━━━━━ EXERCISE DATA ━━━━━

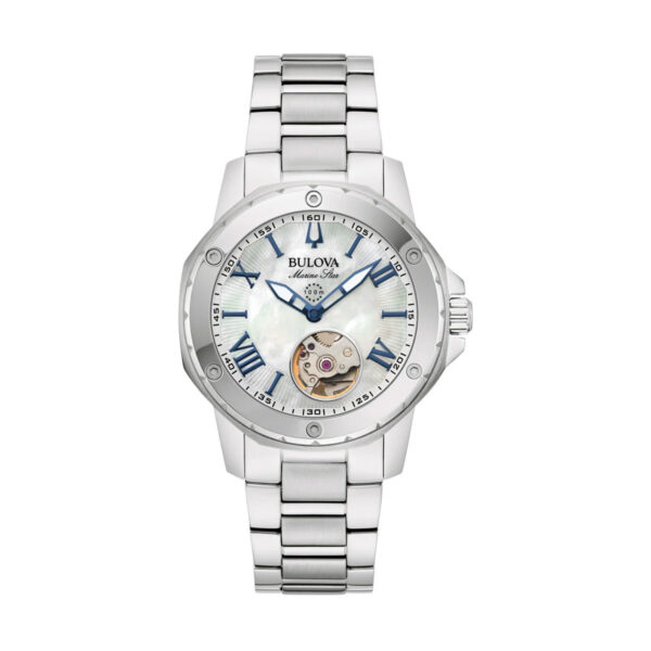 Embrace a bold new you with the sporty Bulova ladies automatic Marine Star. The silver-tone stainless steel case features an engaging blend of finishes for a dynamic presence on the wrist, while the sapphire crystal and protected crown provide modern reliability which is furthered by 100m of water resistance. The lustrous mother-of-pearl dial features silver-tone accents, with roman numeral hour markers and dramatic hands with luminescent fill to ensure legibility in every situation. On the lower half of the dial, a silver-tone ring frames an aperture offering a glimpse at the beating heart of the slim premium automatic movement, which features 24 jewels and a 42-hour power reserve. Completing the timepiece is a stainless steel bracelet with a push-button deployant closure which provides exceptional comfort and security. With its elegant luxury and mechanical soul, this Bulova ladies timepiece is sure to carry you through the day in timeless style.
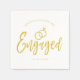 A fun and unique script lettered napkin tailored specifically to you an engagement party. It features the word engaged with wedding rings resting about it. Underneath this and above it are the names of the bride and groom and the engagement date.
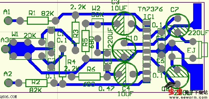 说明:电路原理图中,W1为双联电位器,用于低音增强,W2为调节混响效果。印刷电路板图中,A1,A2为左右声道输入。电位器W1和W2都固定在盒子的边缘,其中W2为带开关的电位器。
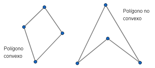 POLÍGONO CONVEXO: Un polígono es convexo si al unir dos puntos cualesquiera situados sobre dos lados distintos, el segmento está contenido en el polígono. En caso contrario es no convexo.
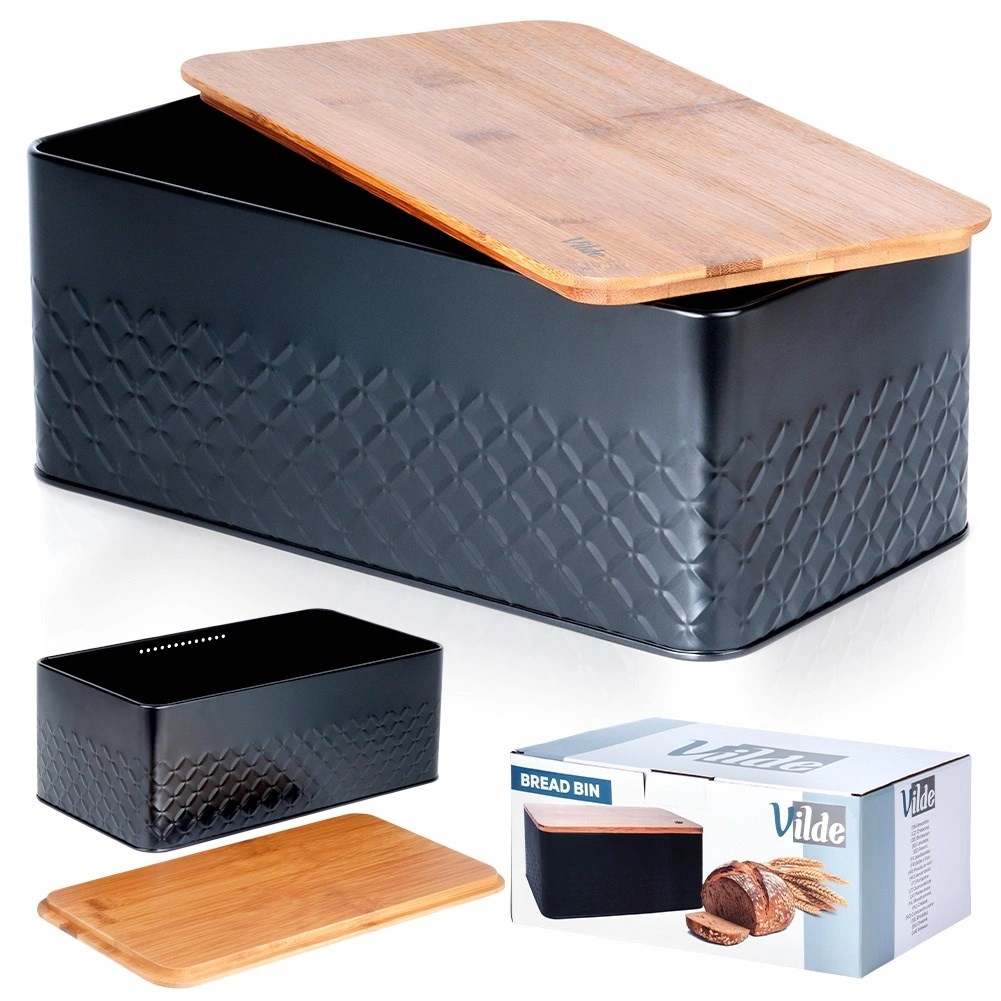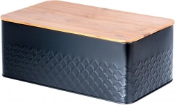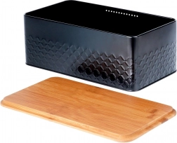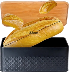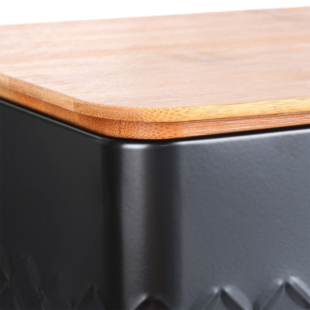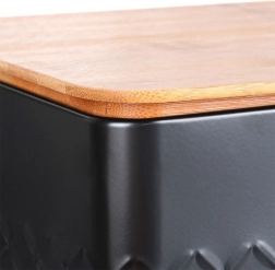 Cutia de pâine stilată combină un corp metalic rezistent, vopsit în câmp electrostatic, de culoare negru mat, cu un capac din bambus natural. Capacul poate fi folosit ca tocător practic, astfel încât feliezi pâinea direct acolo unde o depozitezi. Designul cu textură în relief oferă un aspect modern și se potrivește atât bucătăriilor minimaliste, cât și celor cu accente naturale.
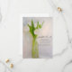 Söt White Tulips i Spara datum meddelande i Mjölk Flaska i Vår bröllop anger en elegant för ceremonin och mottagningen i giftermål i mars, april eller maj. Den här eleganten blomstrar den blommigt anpassningsbarna under den kritiska behållan med datumangivelsen ett fotografi av blommar av vita tulpanblommor i en vintage av möhippa av glas mjölk flaska och vit med vit satin. Finns som en utskriven inbjudan att skicka eller som en digital nedladdning för att enkelt kunna dela digitalt online.

━━━━━

*EXERCISE DETAILS*:
Above are the records; transcribe them exactly without the pictures.

*TASK RESPONSE*:
 Embrace a bold new you with the sporty Bulova ladies automatic Marine Star. The silver-tone stainless steel case features an engaging blend of finishes for a dynamic presence on the wrist, while the sapphire crystal and protected crown provide modern reliability which is furthered by 100m of water resistance. The lustrous mother-of-pearl dial features silver-tone accents, with roman numeral hour markers and dramatic hands with luminescent fill to ensure legibility in every situation. On the lower half of the dial, a silver-tone ring frames an aperture offering a glimpse at the beating heart of the slim premium automatic movement, which features 24 jewels and a 42-hour power reserve. Completing the timepiece is a stainless steel bracelet with a push-button deployant closure which provides exceptional comfort and security. With its elegant luxury and mechanical soul, this Bulova ladies timepiece is sure to carry you through the day in timeless style.
 A fun and unique script lettered napkin tailored specifically to you an engagement party. It features the word engaged with wedding rings resting about it. Underneath this and above it are the names of the bride and groom and the engagement date.
 说明:电路原理图中,W1为双联电位器,用于低音增强,W2为调节混响效果。印刷电路板图中,A1,A2为左右声道输入。电位器W1和W2都固定在盒子的边缘,其中W2为带开关的电位器。
 POLÍGONO CONVEXO: Un polígono es convexo si al unir dos puntos cualesquiera situados sobre dos lados distintos, el segmento está contenido en el polígono. En caso contrario es no convexo.
 Cutia de pâine stilată combină un corp metalic rezistent, vopsit în câmp electrostatic, de culoare negru mat, cu un capac din bambus natural. Capacul poate fi folosit ca tocător practic, astfel încât feliezi pâinea direct acolo unde o depozitezi. Designul cu textură în relief oferă un aspect modern și se potrivește atât bucătăriilor minimaliste, cât și celor cu accente naturale.
 Söt White Tulips i Spara datum meddelande i Mjölk Flaska i Vår bröllop anger en elegant för ceremonin och mottagningen i giftermål i mars, april eller maj. Den här eleganten blomstrar den blommigt anpassningsbarna under den kritiska behållan med datumangivelsen ett fotografi av blommar av vita tulpanblommor i en vintage av möhippa av glas mjölk flaska och vit med vit satin. Finns som en utskriven inbjudan att skicka eller som en digital nedladdning för att enkelt kunna dela digitalt online.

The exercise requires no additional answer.